Politics, Technology, and Language

If thought corrupts language, language can also corrupt thought — George Orwell

Can you hide anything in your shoes that you cannot hide in your underwear?

Posted by metaphorical on 26 December 2007

“If anyone has questions about whether our efforts have been fruitful over the past five years — come on…. While we can’t publicize everything that we’ve done, every event, we can say definitively that our efforts over the last five years have not been for nothing.”

Now there’s a rousing defense for a $27 billion program—”our efforts have not been for nothing.”

Yes, $27 billion. The program in question is airport security, on which we apparently spend an annual $5.6 billion. The quotes come from TSA spokesman Christopher White, and the occasion for them was a study by three researchers from the Harvard School of Public Health, described last week in the British Medical Journal.

According to a Reuters article, the researchers

could not find any studies showing whether the time-consuming process of X-raying carry-on luggage prevents hijackings or attacks.

They also found no evidence to suggest that making passengers take off their shoes and confiscating small items prevented any incidents.

Coming, as they do, from the Harvard School of Public Health, the researchers have a natural orientation toward data, when it comes to justifying the expenditure of billions of dollars for some putative public good.

The researchers said it would be interesting to apply medical standards to airport security. Screening programs for illnesses like cancer are usually not broadly instituted unless they have been shown to work.

“We’d like airport security screening to be of value. As passengers and members of the public we’d like to know the evidence and the reasoning behind these measures,” Linos said in a telephone interview.

“Can you hide anything in your shoes that you cannot hide in your underwear?” they asked.

Of course, we do have some data, in the form of periodic testing done by outside agencies, as reported by the GAO. So far, TSA has done nothing but fail at these tests, usually quite spectacularly. The most recent tests have concerned liquid explosives, the alleged means by which some British transatlantic flights were going to be blown up back in August 2006. Here’s a snippet from a GAO report from last month.

Our investigators succeeded in passing through TSA security screening checkpoints undetected with components for several IEDs and an improvised incendiary device (IID) 4 concealed in their carry-on luggage and on their persons. The components for these devices and the items used to conceal the components were commercially available.

Here’s the part I like:

By using concealment methods for the components, two GAO investigators demonstrated that it is possible to bring the components for several IEDs and one IID through TSA checkpoints and onto airline flights without being challenged by transportation security officers. In most cases, transportation security officers appeared to follow TSA procedures and used technology appropriately

In other words, the problem isn’t (just) incompetent TSA security officials. The problem is incompetent TSA security. We’re spending billions of dollars annually for procedures that simply do not make us more secure. At a minimum, the burden of proof is on TSA to show that they have some efficacy.

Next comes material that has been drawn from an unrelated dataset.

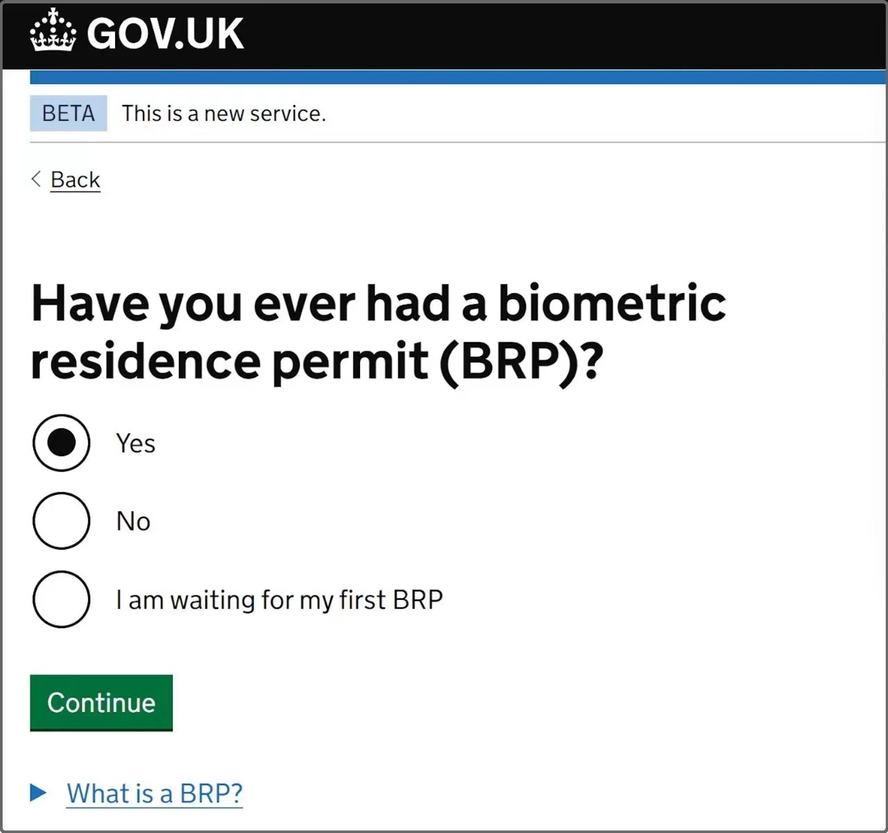 2、您此前持有过生物识别居留许可证(BRP)吗?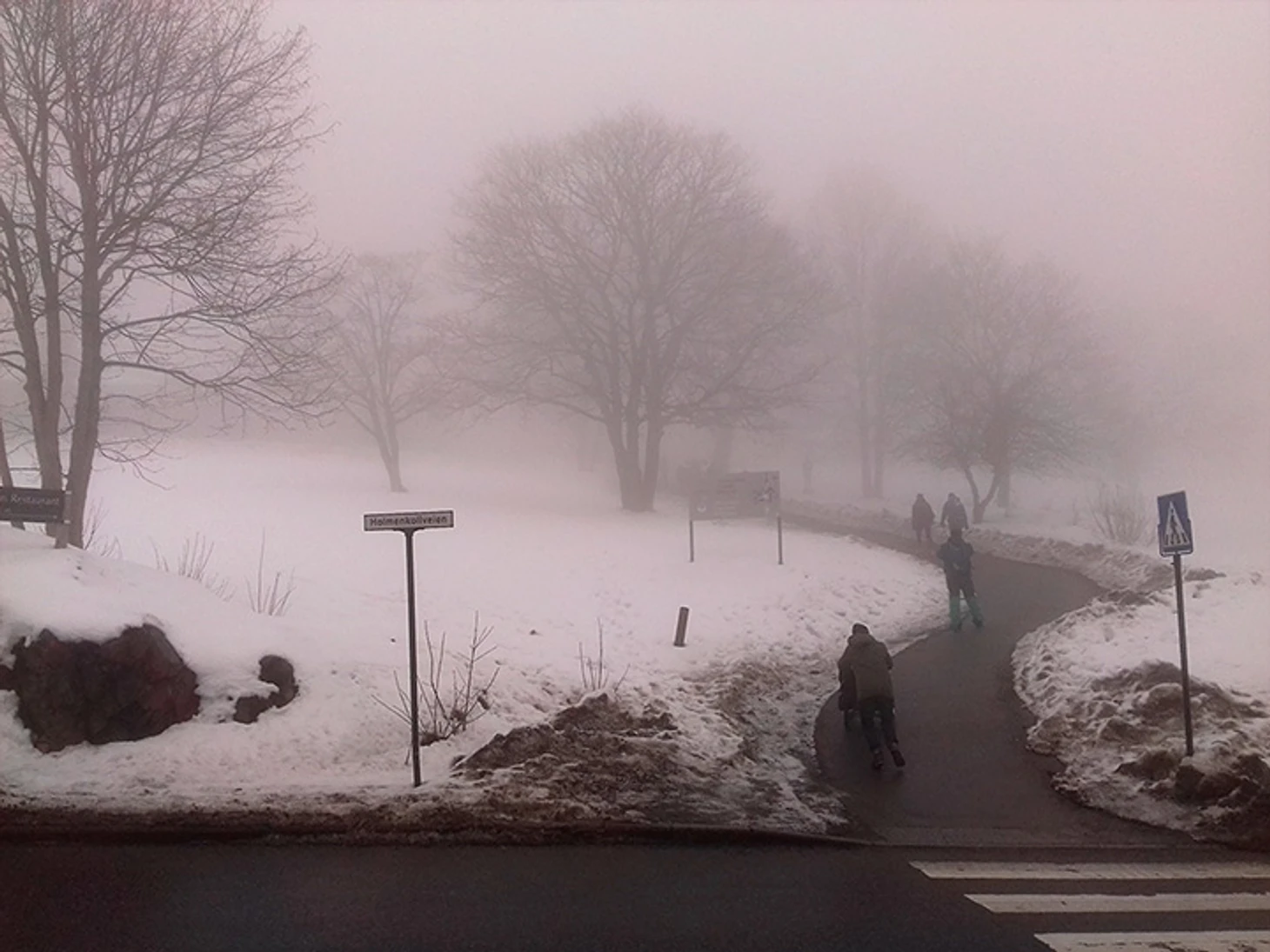 В центре Осло его нет. Пасмурно, промозгло, слякотно – но видимость нормальная. 25 минут на поезде, подъем на три-четыре сотни метров – и попадаешь в биатлонный Сайлент Хилл.

It’s one thing for TSA to say that they have to move fast to react to newly proved threats, for example the British liquid explosive plot. It’s another thing for TSA to maintain these nonsensical procedures well over a year later; to spend billions to keep us from carrying a bottle of water or cup of coffee through security with absolutely no justification for the belief that it makes us any safer.

4 Responses to “Can you hide anything in your shoes that you cannot hide in your underwear?”

  1. Vicki said

    The big defense of these programs is, I assume, its supposed deterrent value. If we quit making people take off their shoes there would be thousands of shoe bombs coming through the gates everyday! Since the general public doesn’t know that the screening is largely ineffective, or they believe that a few may slip by but the majority are caught, it looks like the TSA is actually doing something.

  2. I get the last point – security professionals call it “Security Theatre,” and its utility consists of continued funding for the agency in question, and, to be sure, continued confidence in air travel by the public. The problem with a false sense of security, however, it that it doesn’t have much staying power, and, like any drug, needs ever-higher dosages at ever higher-costs.

  3. Vicki said

    Oh, yes. I’m not saying it’s good policy, just that I can see why it continues. And I know people who put a lot of stock in the deterrence argument. I would have at one time.

    I’m waiting for 100% inspection of incoming cargo containers, myself.

  4. As a licensed customhouse broker (non-practicing), I can assure you that will never happen. Neither the government nor consumers are willing to pay the massive costs that would entain, to say nothing of the delays.